### Problem to solve:
Below are some records. Output the lines from the first one through the line that holds "FTIR spectrum of", exactly as written, with no pictures.

Data extracted from a collection
____________________

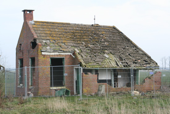 Via het betonpad en de Spanjaardsdijk Noord op de Batavus naar het Van Starkenborghkanaal. De bouwval op het kruispunt met het fietspad wacht geduldig op de dingen die gaan komen, o.a. de eerstvolgende storm….
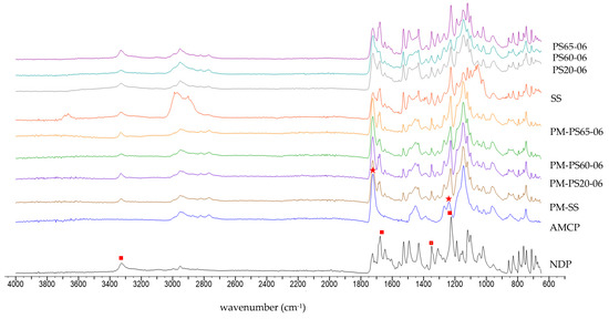 FTIR spectrum of NDP, AMCP, physical mixtures (PMs), SS, PS20-06, PS60-06 and PS65-06: red square represent major functional groups in NDP while red star represent main functional groups in AMCP.
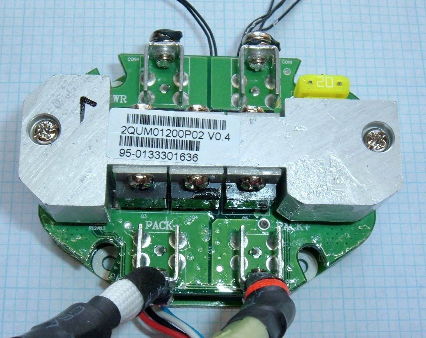 With a little bit of fiddling, and removing a few more temperature sensors, the whole BMS comes free! This is a double layer BMS (first one of those I’ve seen on an electric bike), though the total board area is comparable to other units I’ve seen. The big hunk of metal on top is a heat sink for the switching FETs, and the battery/pack connectors are these massive bits of metal, firmly soldered into very large planes on the circuit board. Beefy! The fuses aren’t replaceable (easily) - they’re soldered in. From a longevity perspective, that’s perfectly reasonable, and it means you won’t have a loose connection at that point in the future.
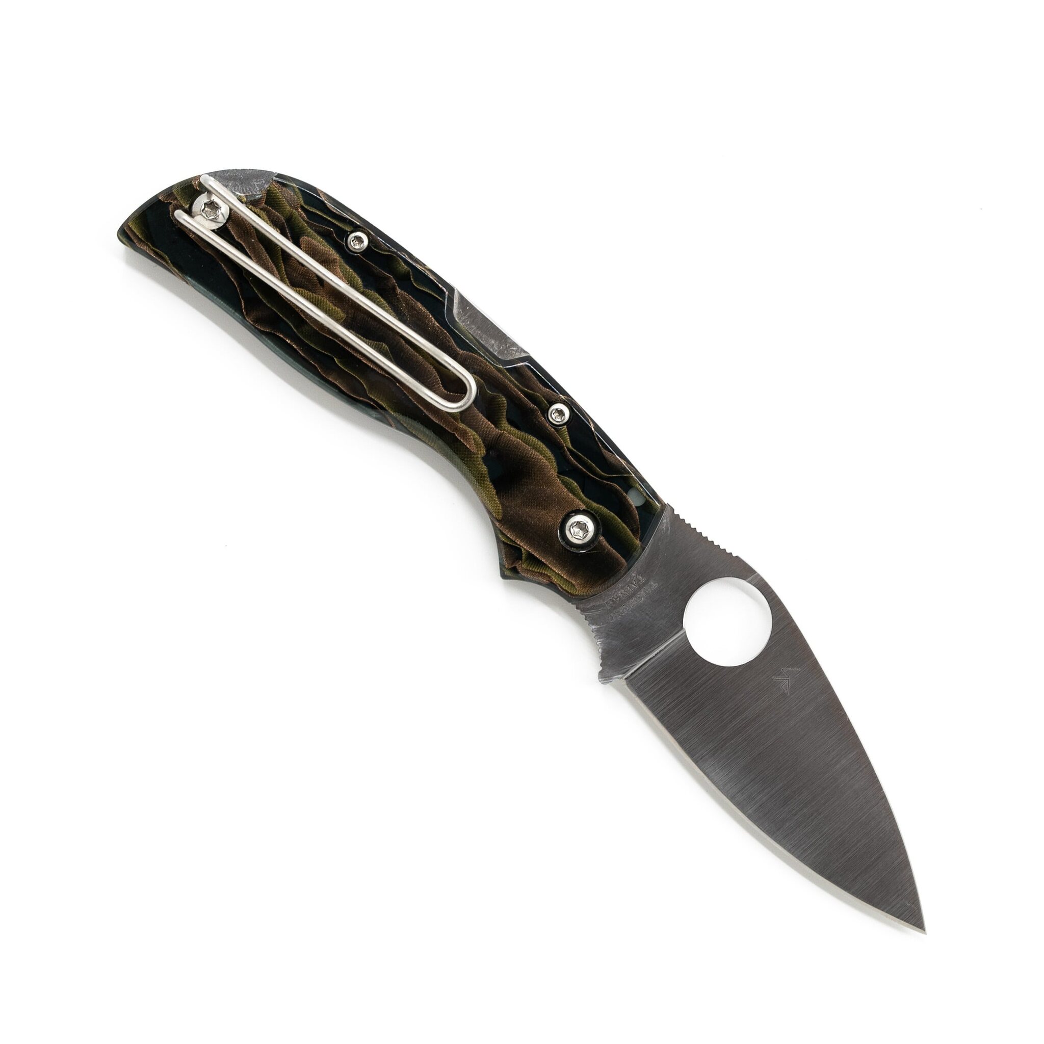 Spyderco’s Chaparral series is a family of slim, pocket-friendly gentlemen’s folding knives that celebrates the diversity of different handle materials and treatments. This unique version of the Chaparral features full stainless steel liners and smoke-colored Raffir Noble scales. Manufactured in Denmark, Raffir is a strikingly beautiful composite material that encapsulates metal mesh in a durable, translucent epoxy resin. The Raffir Noble pattern combines a smoke-colored acrylic with a mixture of brass and copper mesh. When machined and polished to create knife scales, it reveals a unique, semi-transparent, three-dimensional pattern with amazing visual depth and character.
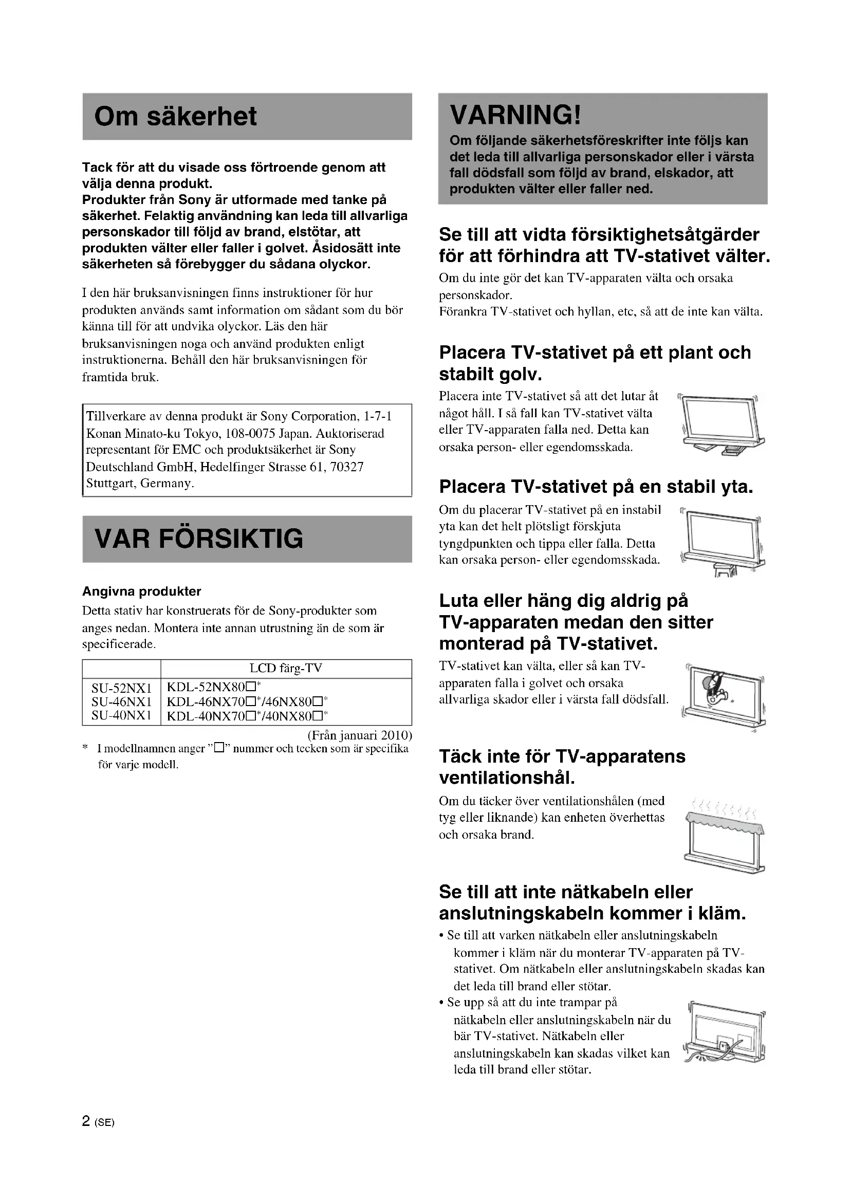 - I modellnamnen anger ”s” nummer och tecken som är specifika för varje modell. Se till att vidta försiktighetsåtgärder för att förhindra att TV-stativet välter. Om du inte gör det kan TV-apparaten välta och orsaka personskador. Förankra TV-stativet och hyllan, etc, så att de inte kan välta. Placera TV-stativet på ett plant och stabilt golv. Placera inte TV-stativet så att det lutar åt något håll. I så fall kan TV-stativet välta eller TV-apparaten falla ned. Detta kan orsaka person- eller egendomsskada. Placera TV-stativet på en stabil yta. Om du placerar TV-stativet på en instabil yta kan det helt plötsligt förskjuta tyngdpunkten och tippa eller falla. Detta kan orsaka person- eller egendomsskada. Luta eller häng dig aldrig på TV-apparaten medan den sitter monterad på TV-stativet. TV-stativet kan välta, eller så kan TV- apparaten falla i golvet och orsaka allvarliga skador eller i värsta fall dödsfall. Täck inte för TV-apparatens ventilationshål. Om du täcker över ventilationshålen (med tyg eller liknande) kan enheten överhettas och orsaka brand. Se till att inte nätkabeln eller anslutningskabeln kommer i kläm.

____________________

### Result of the task:
 Via het betonpad en de Spanjaardsdijk Noord op de Batavus naar het Van Starkenborghkanaal. De bouwval op het kruispunt met het fietspad wacht geduldig op de dingen die gaan komen, o.a. de eerstvolgende storm….
 FTIR spectrum of NDP, AMCP, physical mixtures (PMs), SS, PS20-06, PS60-06 and PS65-06: red square represent major functional groups in NDP while red star represent main functional groups in AMCP.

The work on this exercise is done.